壓鑄鋁合金及球墨鑄鐵（Ductile cast iron）廣泛地應用在各領域，而在管線或引擎等應用場合，磨耗所造成的重量損失導致工件破壞是必須被考慮的。本實驗材料選擇ADC1C組成的壓鑄Al-14Si合金及FCD450肥粒體基球墨鑄鐵（Fe-2.9C-2.5Si）為實驗材料，此兩者均具有第二相顆粒散佈在基地中。本論文針對這兩種具不同第二相顆粒之材料進行顆粒沖蝕磨耗行為研究，並探討摩擦攪拌製程（Friction stir process, FSP）對顆粒沖蝕阻抗的改質效果。
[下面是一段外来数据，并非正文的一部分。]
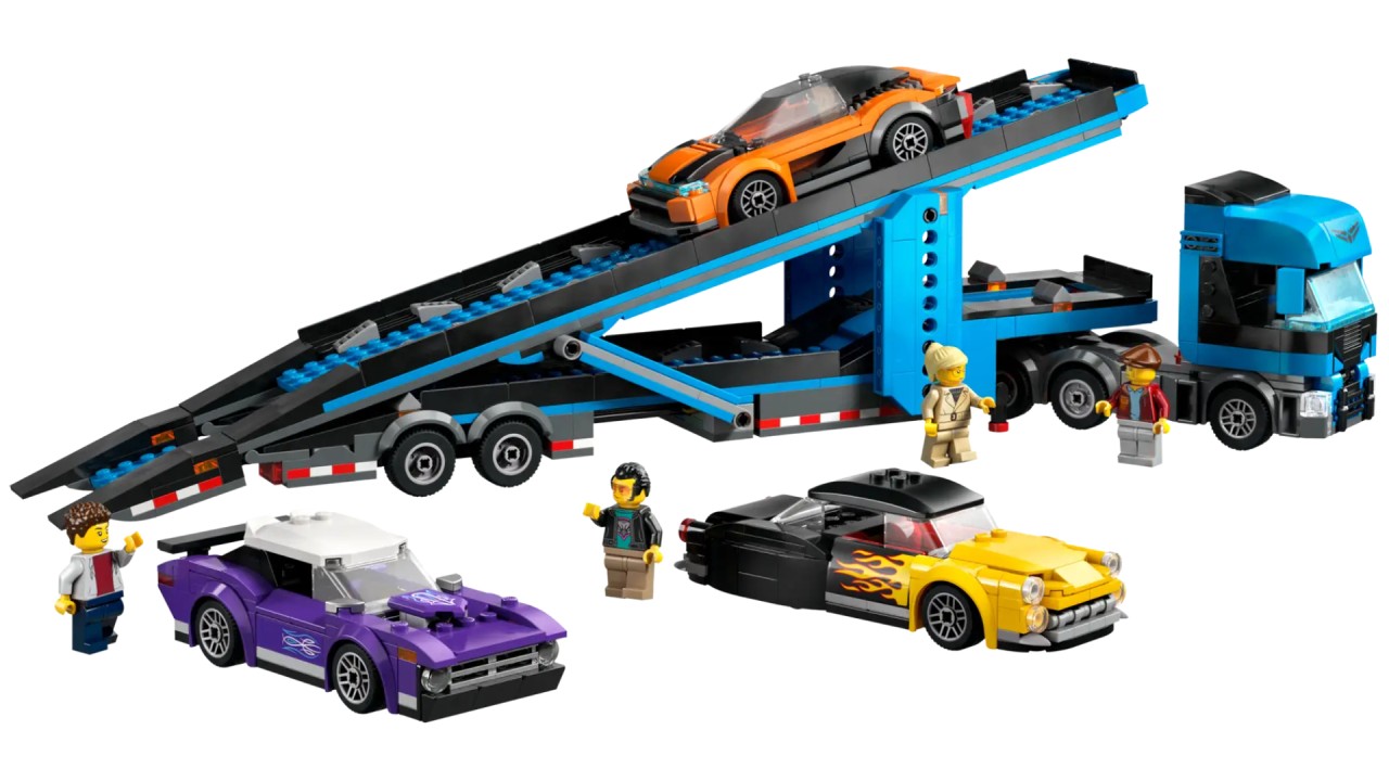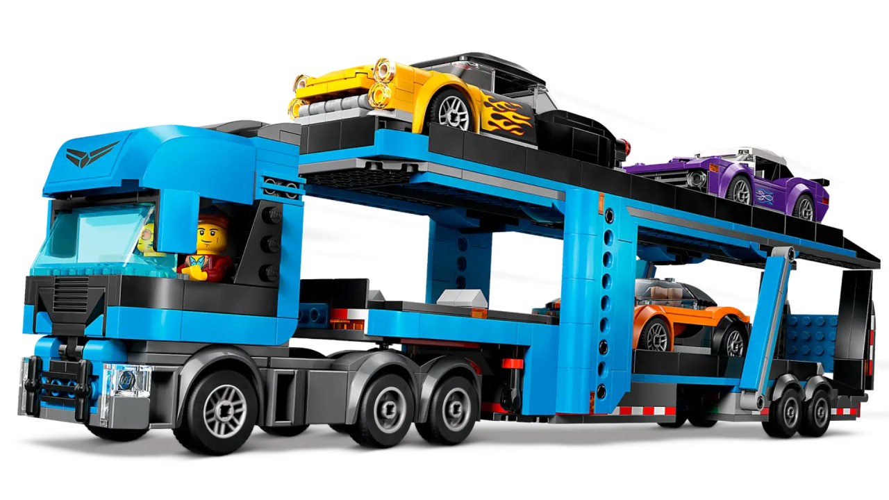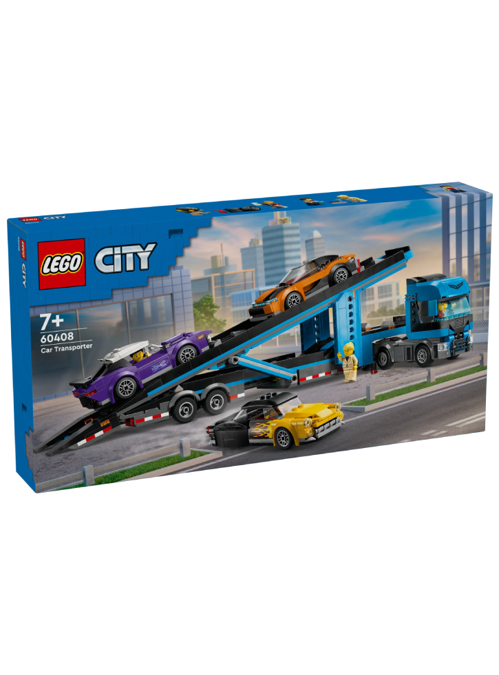 Răsfață un pasionat de mașinuțe cu acest set de construcție cu mai multe vehicule LEGO City Car Transporter Truck with Sports Cars (60408).

本研究利用摩擦攪拌製程（Friction stir process, FSP）進行表面改質，鋁合金採用具有凸鞘的攪拌工具，鑄鐵則選用無凸鞘的攪拌工具。之後探討材料經過摩擦攪拌後基地相變態的現象，以及軟硬質第二相顆粒的演變。在這樣的基礎上，本研究進一步探討不同材料的不同組織在顆粒沖蝕磨耗行為所扮演的角色，其中沖蝕顆粒均選用SiO2，壓鑄Al-14Si合金固定沖蝕顆粒飛行速率為66 m/s，沖蝕角度為15°及90°；球墨鑄鐵則是16 cm/s的沖蝕顆粒飛行速率，並改變沖蝕角度從20°漸次增加沖蝕角度至90°。
實驗結果發現，鑄態的壓鑄Al-14Si合金除了樹枝狀的α-Al以外，更含有大量第二相，由面積率的的多寡來看，分別為不規則或針狀的共晶矽、長條狀的β-Al3 (Fe, Mn) Si2以及最少量的塊狀初晶矽。當壓鑄Al-14Si合金經過摩擦攪拌後，樹枝狀區間消失，初晶矽呈較小的塊狀，共晶矽及β相亦被細化，縱橫比下降。在顆粒沖蝕磨耗行為方面，壓鑄Al-14Si合金及改質後的材料在高角度的磨耗阻抗均高於在低角度的。顯示了這兩組材料之磨耗行為受延性機制主導，主要為α-Al基地的塑性變形，以及切削的作用。而不論是斜向或正向沖蝕，攪拌後的試片均具有較佳的磨耗阻抗，這可歸納為第二相顆粒的細化、縱橫比下降而減低顆粒脆性破斷的機會，並且第二相顆粒散佈於基地中更能有效地阻止基地塑性變形。
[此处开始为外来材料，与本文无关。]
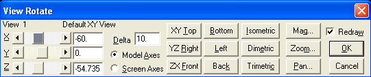 Флажок в окошке Redraw (перечертить) требует от FEMAP перечерчивать модель всякий раз, когда пользователь изменяет положение вида. Когда приходится работать с очень большой моделью, содержащей сотни и даже тысячи элементов, этот флажок полезно погасить. Иначе слишком долго придется ожидать, пока FEMAP будет перечерчивать изображение при каждом повороте осей. При отсутствии флажка в процессе работы с окном View Rotate, модель перечерчиваться не будет, а будет изменяться только изображение системы координат.
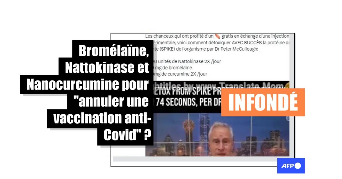 "Voici comment détoxiquer AVEC SUCCÈS la protéine de pointe (SPIKE) de l'organisme par Dr Peter McCullough: 2000 unités de Nattokinase 2X /jour 500 mg de Bromélaïne 500 mg de Curcumine 2X /jour ", affirme un message publié sur X (ex-Twitter) le 3 août.
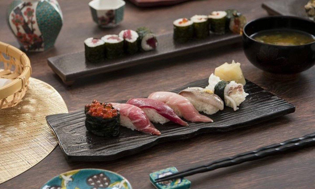 Sushi: Bolinho de arroz temperado com vinagre e recheado com peixe cru, frutos do mar ou outros ingredientes. Pode ser enrolado em alga marinha (maki) ou moldado à mão (niguiri).

具軟質石墨顆粒的肥粒體基球墨鑄鐵經過攪拌後，由硬度分布及組織差異可發現表層區域發生相變化。最上層為熱機影響區，此區與鄰近的熱影響區基地組織相似，主要以針棒狀的麻田散體相及塊狀或片狀的沃斯田體組成。最大的差異為石墨形貌，前者可見因攪拌時應力作用而變形的石墨，後者則未受力，維持原始的球狀。距表面更遠的熱影響區，則只有部分基地發生相變態，且大致傾向於石墨附近發生。這些區域由透鏡狀的麻田散體及塊狀的沃斯田體組成，其他未變態的區域則維持肥粒體基地。變態的區域中，多出現麻田散體平板且具有高碳麻田散體的特徵。至於沖蝕磨耗行為，從磨耗曲線可以觀察到，肥粒體基試片的低角度磨耗阻抗劣於高角度，這顯示延性的磨耗機制主導了肥粒體基試片的重量損失。但攪拌後試片的磨耗率則顯現了雙峰值的現象，分別在約30°及60°時出現；低角度峰值的出現意味著此時的延性機構較為顯著，基地及石墨的塑性變形為造成重量損失的主因；60°峰值的出現應是脆性的麻田散體相與具較佳延性的殘留沃斯田體相調和之故。此外，在低角度沖蝕時，攪拌試片之磨耗阻抗較肥粒體基試片為佳，在高角度沖蝕時則顯示了相反的結果，主要因素為硬脆的麻田散體相生成導致基地較不易塑性變形，但當在高角度受的衝擊較大時，反而易脆性破斷所致。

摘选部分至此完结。